Ante las posibles represalias, los lugareños, dirigidos por un tal Ceferino Pérez, se reunieron en concejo en torno al centenario negrillo de la plaza y, tras largas deliberaciones, acordaron tomar medidas para proteger sus cosechas y por ende su dinero, determinando que habían de convocar a templarios y miembros del cabildo aprovechando la festividad de la Virgen del Templo, tan profundamente venerada por todos, y raudos hicieron llegar la invitación a ambas partes, logrando que templarios, representantes del Cabildo y campesinos se concitaran frente a la ermita en el día de la patrona. Allí, en lugar de la esperada ceremonia religiosa, Ceferino tomó la palabra y dijo:

—Caballeros del Temple: con vuestras acusaciones habéis difamado al Cabildo de León, tildándolos de usureros y ladrones. Así habéis logrado durante años llevar a vuestras arcas nuestros diezmos. Vosotros, miembros del Cabildo, no habéis sido más honorables, pues acusáis a los templarios de herejía y obscenidad, tachándolos de idólatras y sodomitas. Con estas artimañas habéis arrebatado el tributo. Nuestro pueblo no puede seguir pagando a dos señores. Por tanto, aquí, ante nuestra patrona, os emplazamos a resolver esta disputa en un combate honorable, conforme a las reglas de la caballería que ambos profesáis.

El discurso de Ceferino, cargado de firmeza y lucidez, sorprendió no solo a los dos bandos enfrentados, sino también a sus propios vecinos. Y mayor fue su asombro cuando Ceferino les pidió que regresaran al pueblo, dejando en la campiña a los dos grupos de señores para resolver su disputa.

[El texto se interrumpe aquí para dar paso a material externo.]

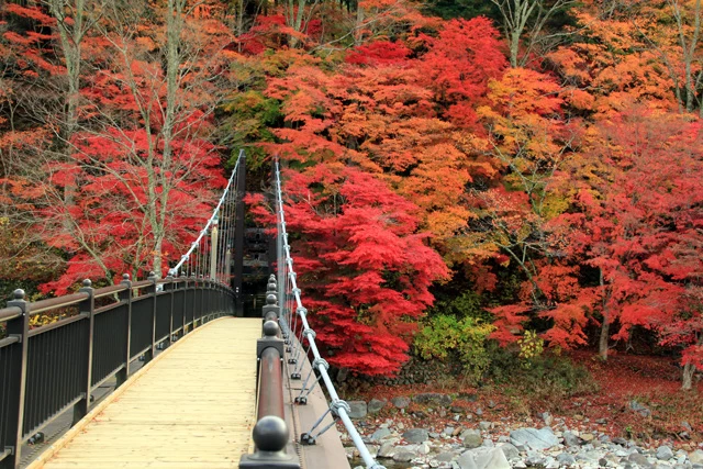 - ★ 紅葉の時期は、紅葉と吊り橋の鮮やかな景色が楽しめたり、夜になるとライトアップされたりと、那須塩原観光に外せないスポットです
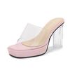 Модные прозрачные ПВХ шлепанцы 2025 года Большого размера Хрустальный каблук Повседневная обувь на высоком каблуке Сексуальные женские прозрачные шлепанцы с открытым носком

Los templarios y el Cabildo, heridos en su orgullo por las acusaciones, decidieron enfrentarse de inmediato. Acordaron un combate sin muerte, usando armas desmochadas, que aunque no eran letales, resultaron en numerosos heridos graves. La sangre de unos y otros tiñó el campo, mezclándose en un reguero fruto de su obstinación.

Aunque no hubo un vencedor claro, el combate desacreditó a ambos bandos ante los ojos del pueblo, y durante años, ni templarios ni canónigos se atrevieron a exigir el tributo. Cuando finalmente intentaron recuperar su dominio, los campesinos se negaron a pagar, obligándolos a recurrir a instancias superiores, que a lo sumo llegaron a dictaminar bastantes años más tarde, un reparto equitativo del diezmo entre Cabildo y Temple.

Las margaritas, un ejemplo de cómo la vida modula la temperatura del planeta.

Las margaritas, un ejemplo de cómo la vida modula la temperatura del planeta. / Kristine Cinate/Unsplash

Cuentan por aquellos lares que tras la resolución del conflicto, en el campo donde había tenido lugar la batalla comenzaron a brotar flores de dos colores: amapolas rojas y margaritas blancas. Dicen que las amapolas surgieron donde cayó sangre templaria, y las margaritas, donde se derramó la del Cabildo, pero sea como fuere estimado lector, ambas son el mejor recuerdo de que como con astucia, determinación y dignidad, los "payariegos" derrotaron a la injusticia.